These experiments, and prior work, allow us to draw several tentative conclusions about the effect of IA on ethanol consumption. First, when access is limited to 4 h per day, the effect of IA to increase ethanol consumption is not seen in mice. Although there was a significant difference between IA and CA groups of HDID-1 male mice in Experiment 1 during the first week after IA was initiated, this appeared to result more from a reduction in the CA group than an increase in the IA group (see Fig. ). No hint of a difference in intake between IA and CA groups in Experiment 2 was seen in C57BL/6J mice, even though IA can lead to increased access in this genotype when offered in 24 h-periods (Experiment 5; Hwa et al., 2011
; Melendez, 2011
). We did not test periods of intermittent availability between 4 and 24 h, and only tested four genotypes, so we cannot determine where in this interval the effect begins to appear for mice. We also cannot rule out the possibility that 4 h-access MWF would be effective in female C57BL/6J mice, or in rats.
A second conclusion, drawn from the literature, is that prior experience with ethanol is not necessary for IA to yield increased intakes. Wise's original study and several since have found this (Wise, 1973
; Melendez, 2011
), although some of them lack a CA comparison group (Pinel and Mucha, 1975
; Simms et al., 2008
A third conclusion we draw is that neither the HDID-1 nor the HDID-2 selectively bred mouse line responded to IA by increasing their ethanol intake vs. CA groups; neither did the HS controls. This suggests that if there are genetic contributors to IA escalation, they differ from those leading to high BEC during limited access drinking in the dark. There are no current systematic data that suggest that IA drinking is genetically influenced, but it would be very surprising if it were not, as all other ethanol drinking phenotypes we know of show such influences (Crabbe et al., 2010
). A study with the Sardinian Preferring rat selected line offered either 10 or 20% ethanol vs. water, either with CA or IA-MWF, for 3 weeks. The IA groups drank more ethanol than the CA groups, and their intake increased during the first three drinking sessions, but not thereafter (Loi et al., 2010
). Simms et al. (2008
) also found that MWF access enhanced intake vs. CA in three rat genotypes, Wistar, Long Evans (LE) and the selectively bred P rat. Intakes appeared to increase more in the Wistar and LE rats than in P rats; P rats started at higher intake levels . This study reported increased intake of either 10 or 20% ethanol; however, there were no CA comparison groups for the Wistar and P rats.

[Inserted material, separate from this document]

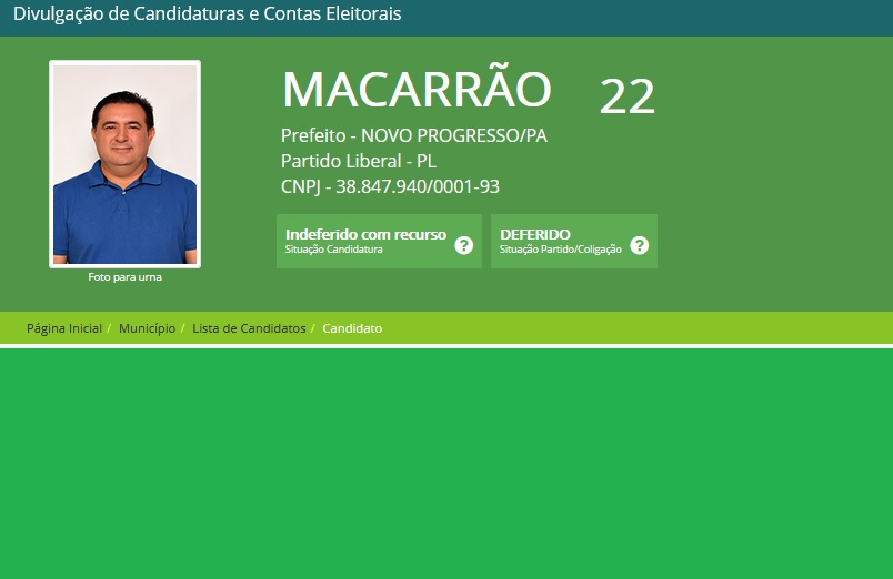 Em entrevista ao Jornal Folha do Progresso, Macarrão (PL) disse que estava confiante na justiça, com a certeza que só foi prefeito uma vez, agora vamos trabalhar mais firmes e reativar nossa campanha para obter a vitória nas urnas,concluiu. Macarrão(PL) busca a reeleição.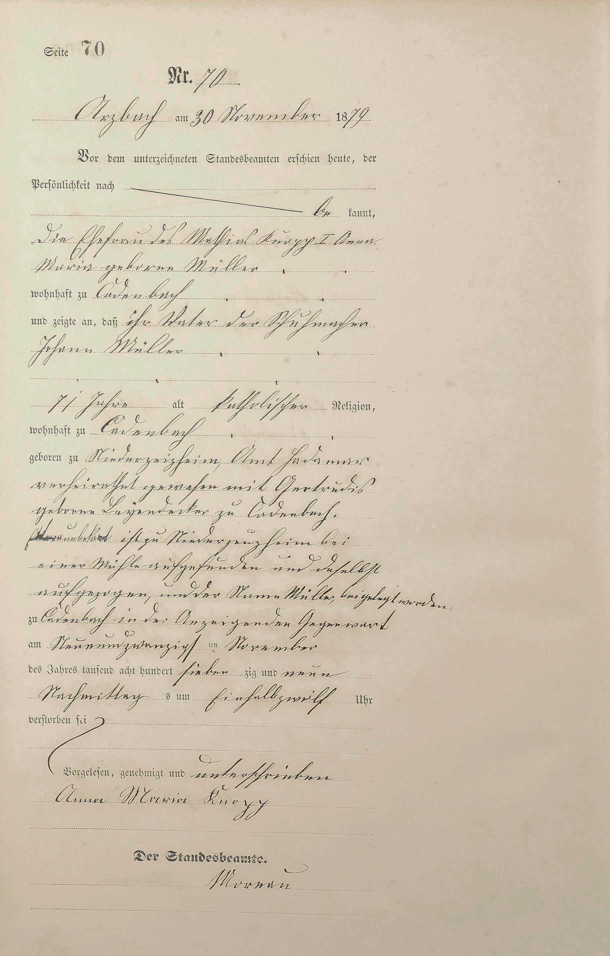 Sterberegister 1879

The insensitivity of HDID and HS mice appears to be true in both sexes. Because the genetically heterogeneous HS control line for this selection experiment also failed to show escalated drinking with IA, there may be a crucial gene or genes that is absent in this entire population. Although we cannot rule this out, we consider this scenario unlikely for two reasons. First, it implies a simple genetic structure to IA drinking (i.e. only a few genes responsible). Other kinds of ethanol drinking have shown complex genetic structures (multigenic or polygenic, Crabbe et al., 2010
). Furthermore, most murine genes are probably segregating in this HS/Npt cross, which was derived from intercrossing eight inbred strains (including C57BL/6J) that represent four distinct mouse lineages (Petkov et al., 2004
). The DID phenotype for which HDID-1 and -2 mice were selected is genetically somewhat distinct from standard two-bottle preference drinking (Rhodes et al., 2007
; Crabbe et al., 2011
), but it will be necessary to test more genotypes for the effects of intermittency, both to establish its sensitivity to the genetic background and to determine its genetic correlation with other traits.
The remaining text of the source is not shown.